You’re given two tables.
users(id INT, country STRING, created_at DATE)
rows:
1 | US | 2025-08-28
2 | US | 2025-08-30
3 | IN | 2025-08-29
4 | BR | 2025-08-31
orders(order_id INT, user_id INT, amount DECIMAL, created_at DATE)
rows:
101 | 1 | 20.00 | 2025-08-31
102 | 1 | 10.00 | 2025-09-01
103 | 2 | NULL | 2025-09-01
104 | 3 | 15.00 | 2025-09-01
events(user_id INT, event_name STRING, event_time TIMESTAMP)
rows:
1 | video_play | 2025-09-01 10:01:00
1 | like | 2025-09-01 10:02:00
2 | video_play | 2025-09-01 11:00:00
3 | video_play | 2025-09-01 12:00:00
3 | video_play | 2025-09-01 12:05:00
4 | video_play | 2025-09-01 13:00:00
Answer all parts concisely and provide the exact SQL:
(a) Explain and demonstrate, using a single grouped query by users.country, the differences among COUNT(*), COUNT(amount), and COUNT(DISTINCT user_id) on orders joined to users. Why do NULLs matter? Show the three counts side-by-side and ensure the join does not double-count users with multiple orders.

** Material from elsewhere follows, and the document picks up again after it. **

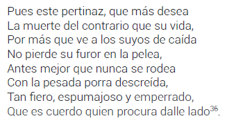 Sin embargo, esto no se debía a un cuestionamiento de la causa española a se, sino más bien al modo de proceder de algunos conquistadores y a la desilusión de Ercilla ante la incoherencia dada entre una y otros: desde el aprovechamiento de los españoles de la superioridad de sus fuerzas frente a la ingenuidad araucana, criticada en el Canto I, hasta las reflexiones que la muerte de Caupolicán provocó en el poeta74. Este pasaje plantea, precisamente, la plasticidad e historicidad del concepto de barbarie, cuya aplicación se definía a partir del testimonio del autor frente a la historia.

(b) Compute, per country, the top 2 spenders by total order amount using ROW_NUMBER(). Then repeat using RANK() so that ties are included even if more than 2 users are returned. For country = 'US', list which user_ids appear under each method and why.

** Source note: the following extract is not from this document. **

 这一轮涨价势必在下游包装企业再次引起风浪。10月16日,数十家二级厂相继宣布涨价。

(c) Show a pitfall where filtering in WHERE vs HAVING changes results: return users with at least 2 video_play events on 2025-09-01 who have zero non-NULL orders. First, incorrectly filter orders.amount IS NULL in WHERE before aggregation; then correct it using HAVING. Explain the difference in row counts.
(d) Compute average spend per active user (active = at least one event of any type on 2025-09-01) by country, guarding against divide-by-zero and NULL amounts. Use COALESCE and NULLIF appropriately and justify your choices.